Brokeback Mountain, which I caught last night, is a somber, slow-moving, and ultimately rather mournful film, but a worthwhile one, and it’s a return-to-form for Ang Lee after his atrocious attempt at The Hulk. In fact, you can see shades of his Hulk, and particularly The Ice Storm, in this tale of two young men who meet, fall in love, and subsequently spend their lives trying to escape the constraints of society once or twice a year amid the photogenic peaks of Wyoming. All three Ang Lee films are stories about the calamitous consequences of repression, and how readily it can become redirected into anger, bitterness, and melancholy, with the elemental forces of the natural world as a backdrop. As such, Brokeback (which was filmed in Alberta) includes some amazing Western landscapes throughout. And, to borrow from my Cold Mountain review back in the day, they also act as a pretty solid metaphor for this film, which is absorbing and gorgeously shot, yet in the end also somewhat cool and remote.
Both the strength and the weakness of the film lies in Heath Ledger’s performance as Ennis Del Mar, the more reticent of the pair. (Jake Gyllenhaal is very good as Jack Twist, a much more communicative character — in a way, and particularly in the early scenes, when Gyllenhaal hoops and hollers like a natural-born extrovert, he doesn’t seem all that far removed from his recent stint in Jarhead.) Heath Ledger’s performance is engrossing, in part because you spend much of the film just trying to figure out what he’s thinking. At times, his character is taciturn to the point of being inarticulate. This speaks in favor of the film’s realism, I suppose — Ennis’s whole life after Brokeback is about caution, misdirection, and concealment. (As a child, Ennis is quite literally “scared straight” by his father, who goes out of his way to show him the gory consequences of an anti-gay hate crime.) At the same time, though, Ledger seems like he’s underplaying an underwritten character, and as such it becomes harder than it might should be to get inside his head and feel the story. (That being said, the very last scene in the film is a masterstroke, far more powerful than a somewhat similar sequence at the end of A History of Violence.)

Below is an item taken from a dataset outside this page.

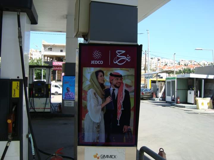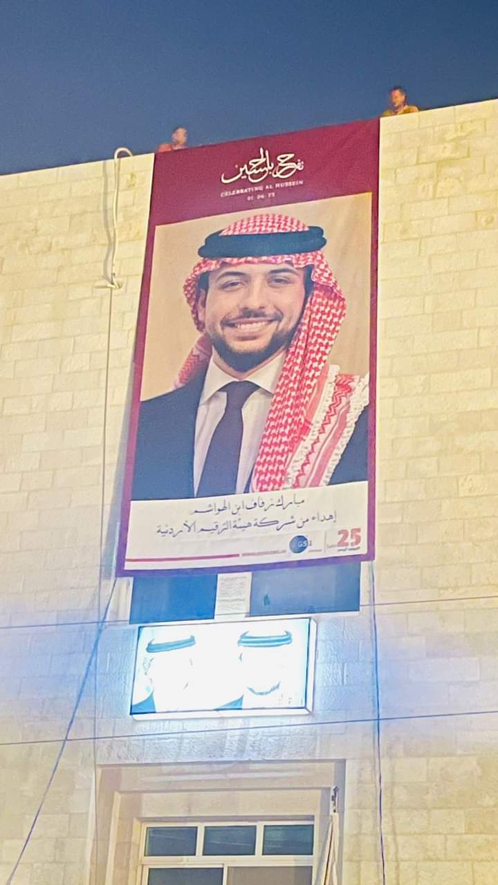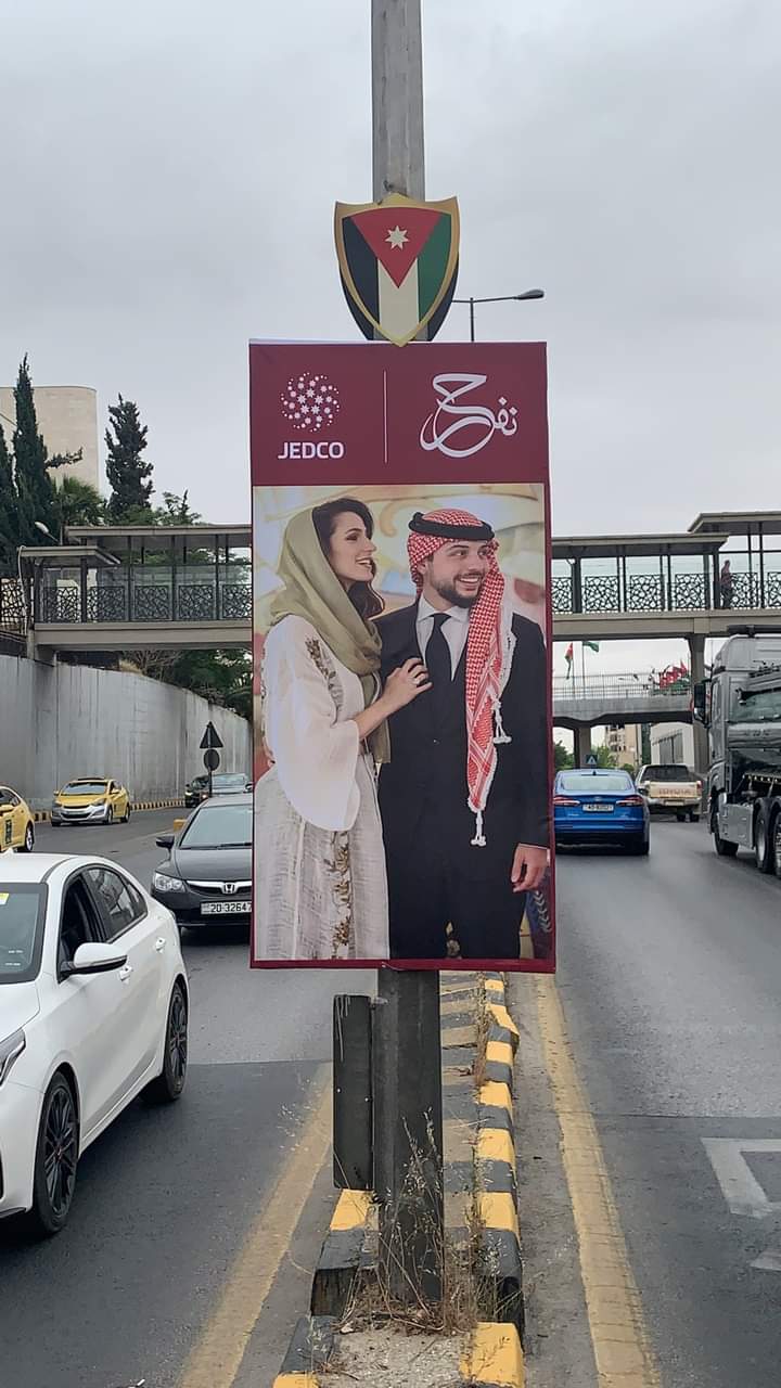 المؤسسة الأردنية لتطوير المشاريع الاقتصادية والشركات التابعة والشركاء من القطاع الخاص يزينون عدة مناطق بصور سمو الأمير الحسين ولي العهد وعروسته احتفالاً بزفافه الميمون.

So, how will this movie play in Middle America, where gay-camp has hit the mainstream (“Queer Eye,” “Will & Grace”) but, at least judging by ballot initiatives, gay marriage is still bizarrely considered a threat to the American way of life? To be honest, I don’t know. Perhaps the “gay cowboy” angle will keep people away, which would be unfortunate. Speaking of which, the “gay cowboy” thing is a bit of a misnomer — For one, they’re sheepherders, not cowboys; for another, they don’t identify themselves as gay or straight, so much as simply in love. That both partners are men is a quirk of Fate…At times, both are mystified by the powerful connection between them. And, one early sex scene excepted, the film is really rather staid about the relationship between the two. (As J. Hoberman noted, “Brokeback Mountain is the most straightforward love story — and in some ways the straightest — to come out of Hollywood, at least since Titanic.“) Yet, even in bluest of the blue NYC, many in the audience cracked up at the sight of Michelle Williams (Ledger’s real-life love interest, here his wife) catching Ennis and Jack in full embrace. And, as least as I could tell, there’s nothing funny about this scene of infidelity, and you could hardly say it was played for laughs.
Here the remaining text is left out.